第35回 情報リテラシー連続セミナー@東北大学を開催しました

2019.1.13
 第35回情報リテラシー連続セミナー@東北大学が112日(土)に、相模原市教育委員会教育局指導主事渡邊 茂一先生をお迎えして行われました。今回の題目は、「全校が一歩を踏み出す相模原市のプログラミング教育」です。

 相模原市ではプログラミング教育を市の全校で実施しています。平成28年から取り組みを始め、どのようにして全校展開したのか、今後どのように展開していきたいのかについてについてお話をしていただきました。

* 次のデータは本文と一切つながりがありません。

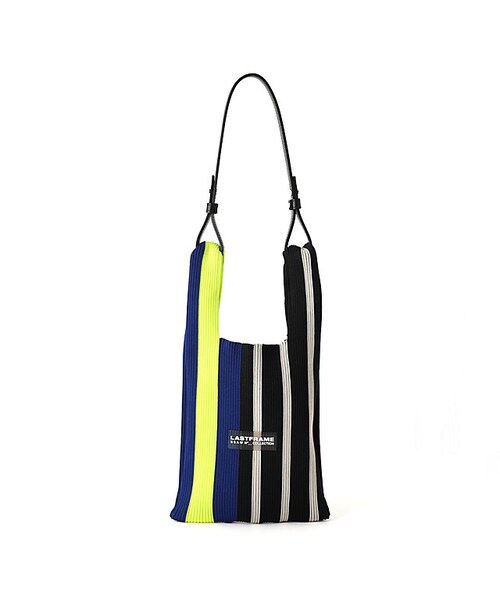 【LASTFRAME(ラストフレーム)】しっかりとした張りとボリュームを持たせるため、伸縮性のある別注で作られたポリエステルの撚糸を使用。日本国内に数台しかない特殊な編み機を使用し、通常の編み機では再現できない細かな柄表現が可能。その特性を活かし、インターシャ網で細かな柄を編み立てている。本体がリブ組織であることから横への伸縮性も十分にあり、コンパクトでありながらも使いやすさが特徴のニットバック。■LASTFRAME「世界最高レベルの日本の伝統技術を未来に継承する」デザイナー奥出 貴ノ洋が経験してきた世界中の様々なカルチャーをベースに、メイドインジャパンに拘り表現した日本発2018年AWスタートのブランド。中でも職人の数が年々減少している伝統技術にフォーカスを当て、デザイナーのフィルターを通した現代的解釈により、これまでにない独自のデザインで表現している。日本の伝統技術を継承しながらも、国・時代・シーズン・性別など何ものにもとらわれることなく、ボーダーレスに愛され続け、そして受け継がれるデザインを目指し、メイドインジャパンのラグジュアリーブランドとして世界に発信する。LASTは「最後」と「存続する」という異なる意味を持つ。消えゆく日本の職人技術を・伝統技術を「フレーム」に収め、デザイン・プラダクトとして昇華させ、存続させていく。LASTFRAMEとはブランド名であり、「世界最高レベルの日本の伝統技術を未来に継承する」その活動自体を意味する。

 まずH28年度は、プログラミング教育の小学校段階から導入することが決まった年度であり、平成29年度〜31年度の相模原市教育振興計画の中で、「相模原市立小・中学校の情報科推進計画」の施策として、プログラミング教育を位置付けました。各校では、この計画を受けて、学校教育計画として推進計画を作成しました。相模原市は子ども達が使う事のできるコンピュータが潤沢にあったわけではありませんが、このように各校がやらざるを得ない状況を作るようにしました。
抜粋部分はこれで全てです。